··· Records provided

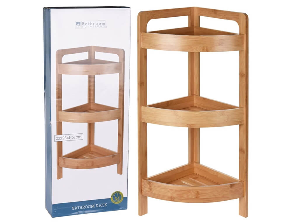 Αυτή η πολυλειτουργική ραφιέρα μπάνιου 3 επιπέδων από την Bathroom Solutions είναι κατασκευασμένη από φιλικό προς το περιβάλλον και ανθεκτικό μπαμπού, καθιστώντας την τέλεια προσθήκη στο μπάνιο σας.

······
··· Records provided

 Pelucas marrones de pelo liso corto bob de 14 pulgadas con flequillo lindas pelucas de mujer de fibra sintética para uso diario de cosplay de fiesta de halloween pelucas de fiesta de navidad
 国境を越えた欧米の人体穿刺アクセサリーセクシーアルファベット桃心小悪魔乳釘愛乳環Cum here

······
··· Records provided

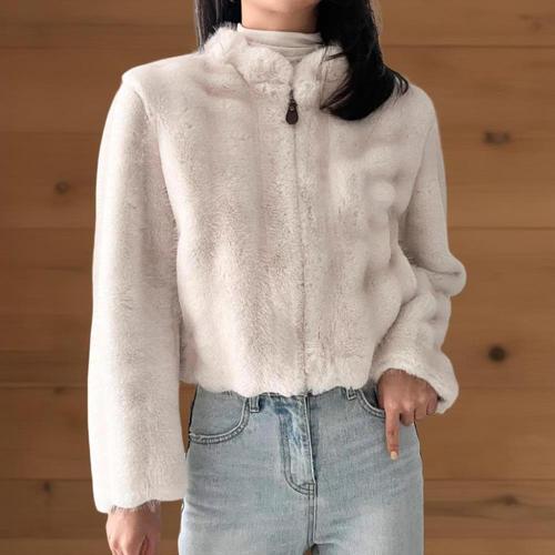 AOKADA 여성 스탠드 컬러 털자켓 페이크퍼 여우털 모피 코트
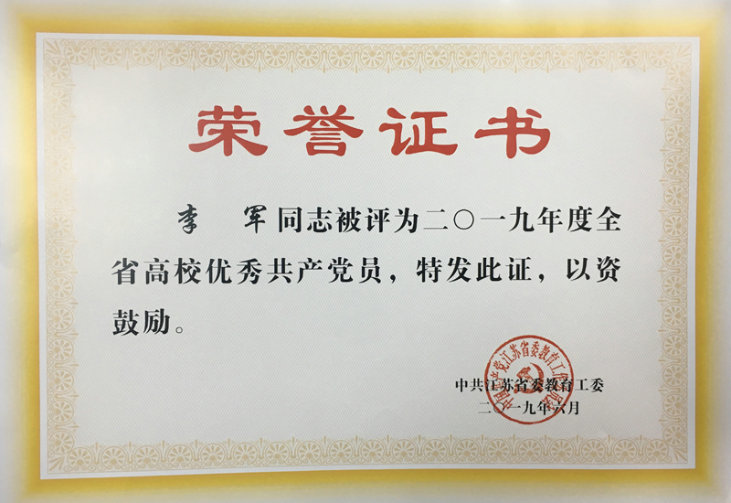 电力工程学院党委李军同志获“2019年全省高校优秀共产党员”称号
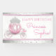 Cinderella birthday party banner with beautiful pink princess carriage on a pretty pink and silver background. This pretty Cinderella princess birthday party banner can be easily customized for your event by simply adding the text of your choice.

······

_Required work_
Beginning at the line with "Pelucas marrones de" and stopping after the line with "国境を越えた欧米の人体穿刺ア", please write out every line of the data above exactly and nothing else.

_Final answer_
 Pelucas marrones de pelo liso corto bob de 14 pulgadas con flequillo lindas pelucas de mujer de fibra sintética para uso diario de cosplay de fiesta de halloween pelucas de fiesta de navidad
 国境を越えた欧米の人体穿刺アクセサリーセクシーアルファベット桃心小悪魔乳釘愛乳環Cum here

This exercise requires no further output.